“Using the information from the genetic makeup of our patient’s cancer, we were able to formulate a personalised treatment,” says Dr Arturo Loaiza-Bonilla of the University of Pennsylvania, lead author of the case report published in ecancermedicalscience.
This is the first reported case of the use of personalised genomic information for the successful management of ICC, as well as the first use of combined dabrafenib and trametinib therapies to treat this condition.
The woman was diagnosed with intrahepatic cholangiocarcinoma, a cancer of the internal ducts of the liver. This cancer has a very low survival rate and limited treatment options.

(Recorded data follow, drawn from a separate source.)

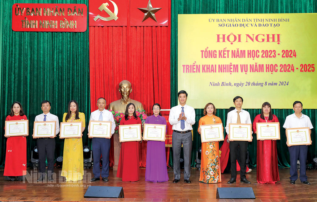Đồng chí Phan Thành Công, Tỉnh ủy viên, Giám đốc Sở Giáo dục và Đào tạo trao giấy khen cho các tập thể hoàn thành xuất sắc nhiệm vụ năm học 2023-2024. Ảnh: Minh Quang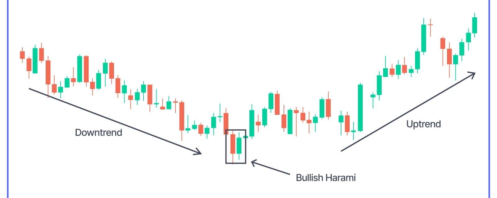 • What Bullish Harami Pattern Indicates: This pattern suggests a decrease in selling pressure and the possibility of a bullish reversal.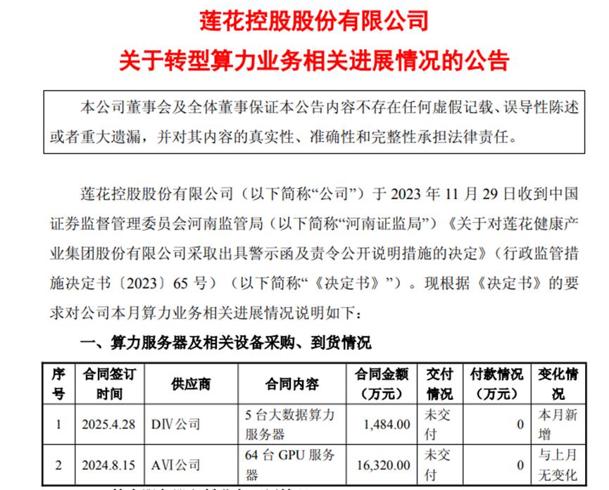 今年4月,莲花控股公告,莲花紫星2025年2月28日与 CⅨ公司签署《租赁合同》。基于宏观政策影响以及算力业务开展过程中出现的客观情况变化,莲花紫星于近日分别与上海X国企、CⅨ公司终止合作。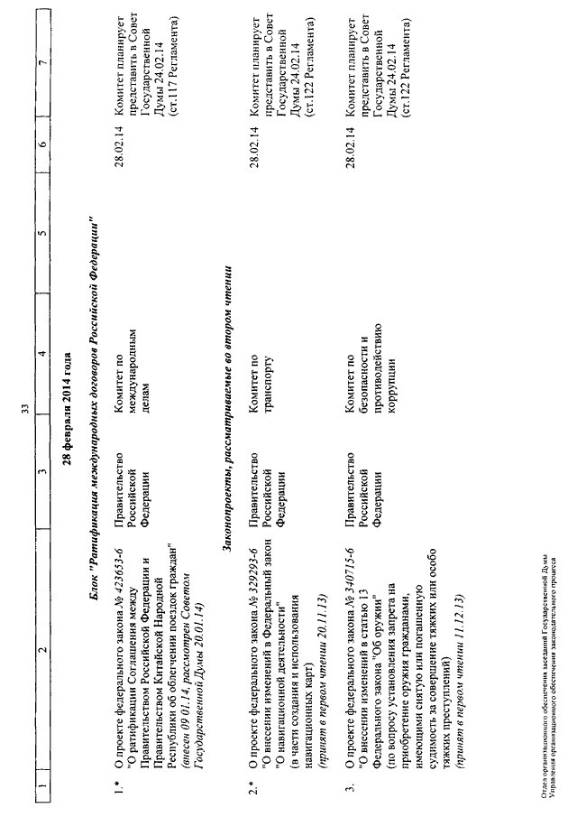"О КАЛЕНДАРЕ РАССМОТРЕНИЯ ВОПРОСОВ ГОСУДАРСТВЕННОЙ ДУМОЙ С 11 ПО 28 ФЕВРАЛЯ 2014 ГОДА"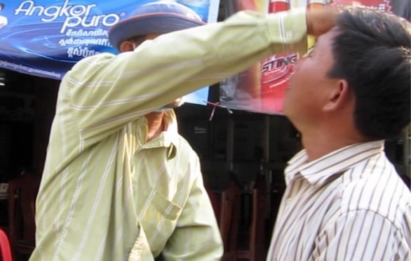 ブルーカラーの代名詞・バイクタクシーの運転手が1000リエル(25円)を巡り、殴る蹴る、舐め回すの大げんか! ブルーな世界ではこの種の決闘、もとい小競り合いと良くお目にかかります。

After consulting a multidisciplinary tumour board of clinicians and researchers, a team of doctors from the University of Pennsylvania ordered next-generation sequencing of the tumour. They hoped to find clues to potential treatments in the patient’s genome.

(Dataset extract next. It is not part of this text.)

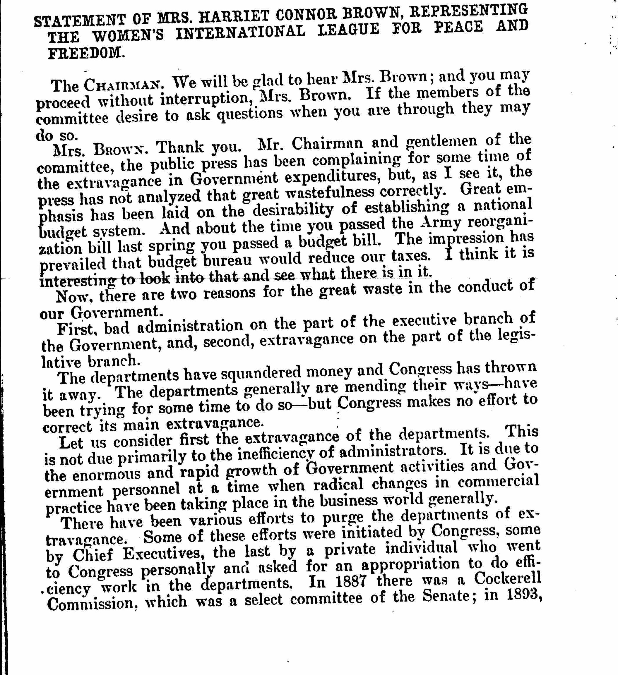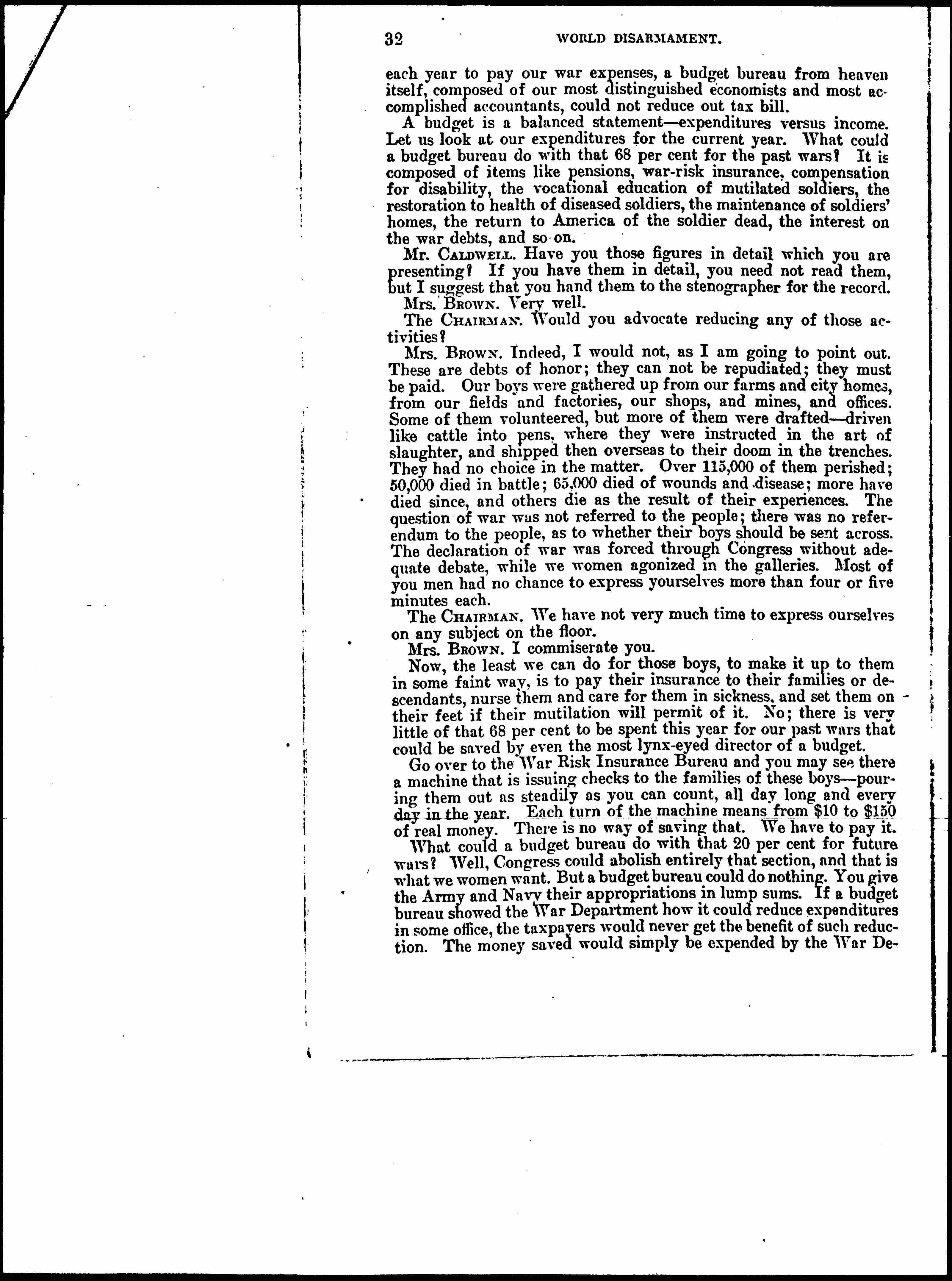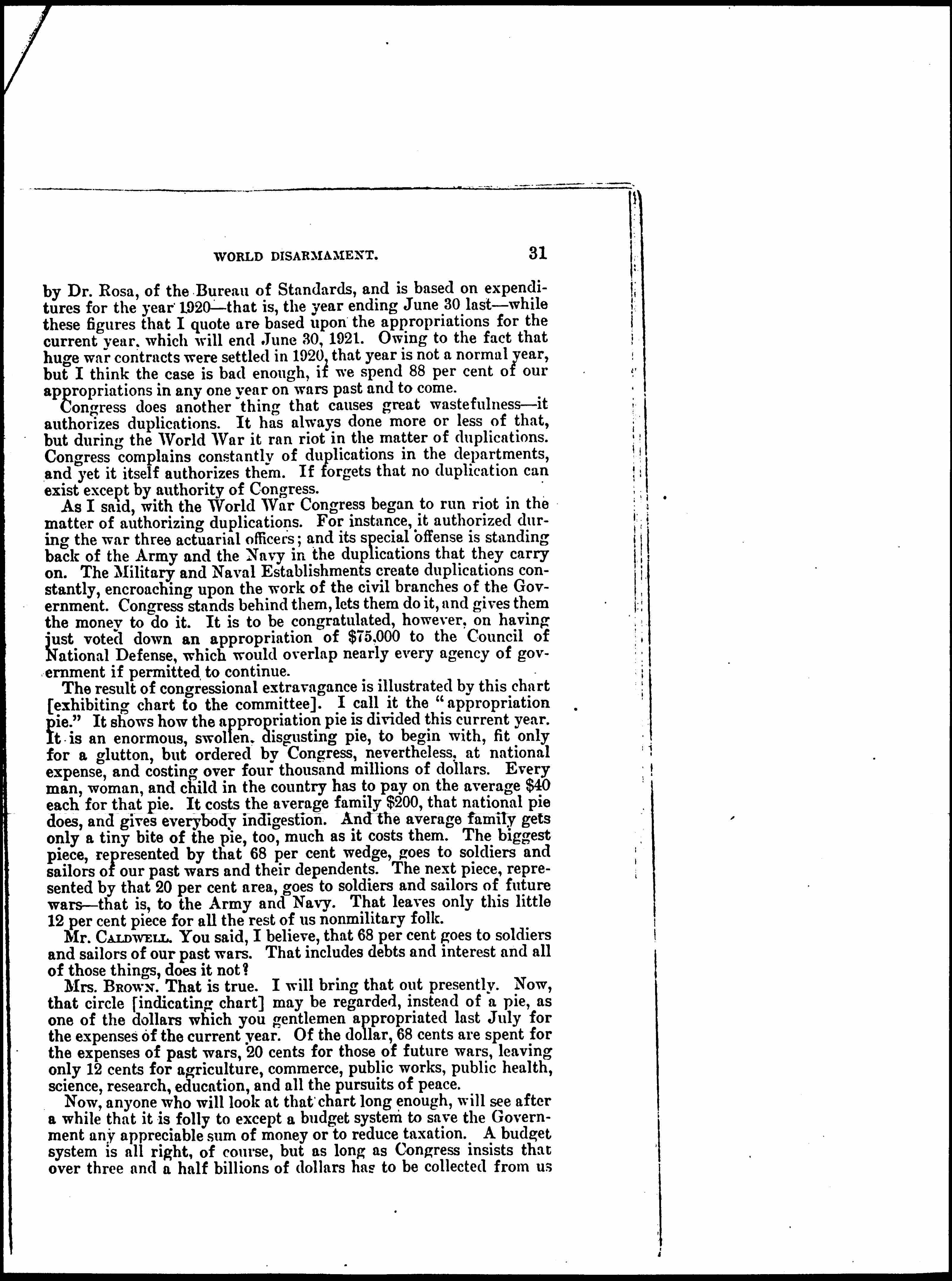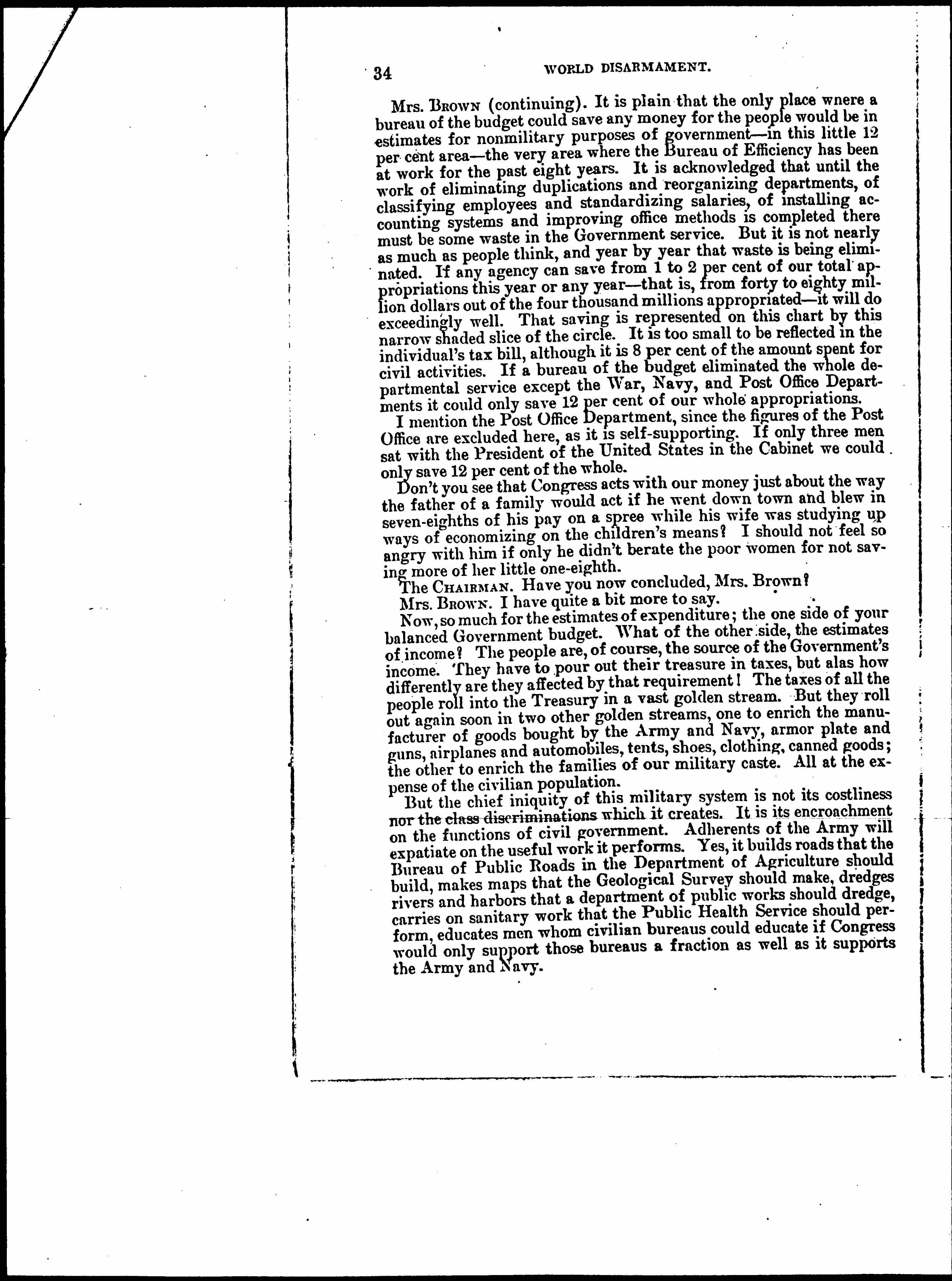 What could a budget bureau do with that 20 [percent] for future wars? Well, Congress could abolish entirely that section, and that is what we women want. But a budget bureau could do nothing. You give the Army and Navy their appropriations in lump sums. If a budget bureau showed the War Department how it could reduce expenditures in some office, the taxpayers would never get the benefit of such reduction. The money saved would simply be expended by the War Department [page 5] in some new war work. A new batch of contractors might be made happy. Or a few more [prerequisites] might be granted officers -- additional automobiles or launches or [wagonettes] or heaven knows what to make life easier for them. I happen to know that the Bureau of Efficiency saved a quarter of a million dollars last year by simplifying routine jobs in a certain division of the War Department, but it is impossible to find that the estimates were correspondingly reduced. The only way to reduce expenditures in the War and Navy Departments is to reduce the size of the lumps you give them. That is what we want you to do until you give them nothing or practically nothing. At least, you can go back to the prewar basis and do it now.

They discovered that her tumour had a unique genetic change called a BRAF mutation, which causes abnormal cell growth. BRAF mutations are more commonly associated with melanoma.

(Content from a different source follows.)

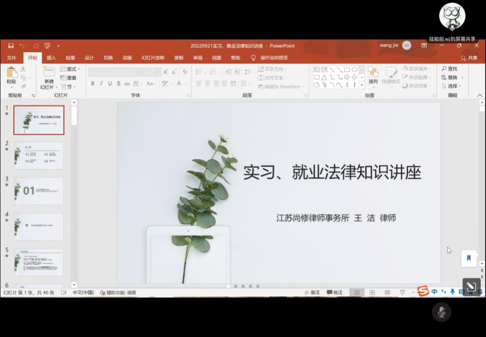 讲座中王律师分别从劳动合同建立之前、劳动合同履行过程中、劳动合同解除以及维权方式四个方面介绍学生在实习就业过程中可能遇到的问题及解决方法。同学们在线积极向王律师咨询自己在实习就业过程中遇到的一些问题。大家纷纷表示,通过今天的讲座,学习到了相关法律知识,明白了知法守法懂法才能更好的用法,维护自己的合法权益。法律在社会无处不在,希望健雄学子知法、懂法、用法;保护好自己的同时又能够遵守法律的准则,在实习就业过程中一帆风顺!(文/步滕滕 审核/傅兰)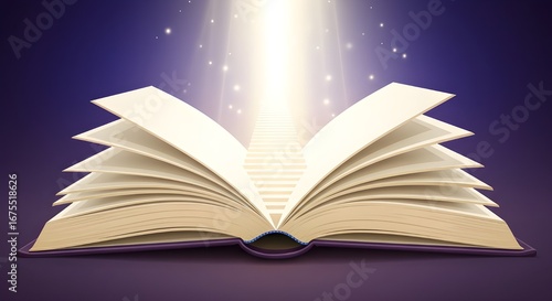 An open book with shining staircase coming from the pages, illuminating the path to knowledge, set on a dark

Finding this mutation was a stroke of good fortune, according to Dr Jennifer Morrissette, an author of the case report. “This BRAF mutation has a well-described targeted therapeutic agent.”
The team prescribed a treatment of combined dabrafenib and trametinib, usually used in melanoma, which are specially targeted to this type of BRAF mutation.
“This led to significant, fast tumour shrinkage to such a degree that most of the cancer was no longer evident, along with symptom improvement in a durable fashion,” Dr Loaiza-Bonilla explains.
This experimental treatment produced what Loaiza-Bonilla and co-authors are calling an “exceptional response.”
Many of the patient’s symptoms have disappeared, and she is tolerating the treatment well.
Dr Loaiza-Bonilla hopes that other doctors will see the benefits of using next-generation technology to provide these personalised medical profiles, and of having a multidisciplinary board to review these cases.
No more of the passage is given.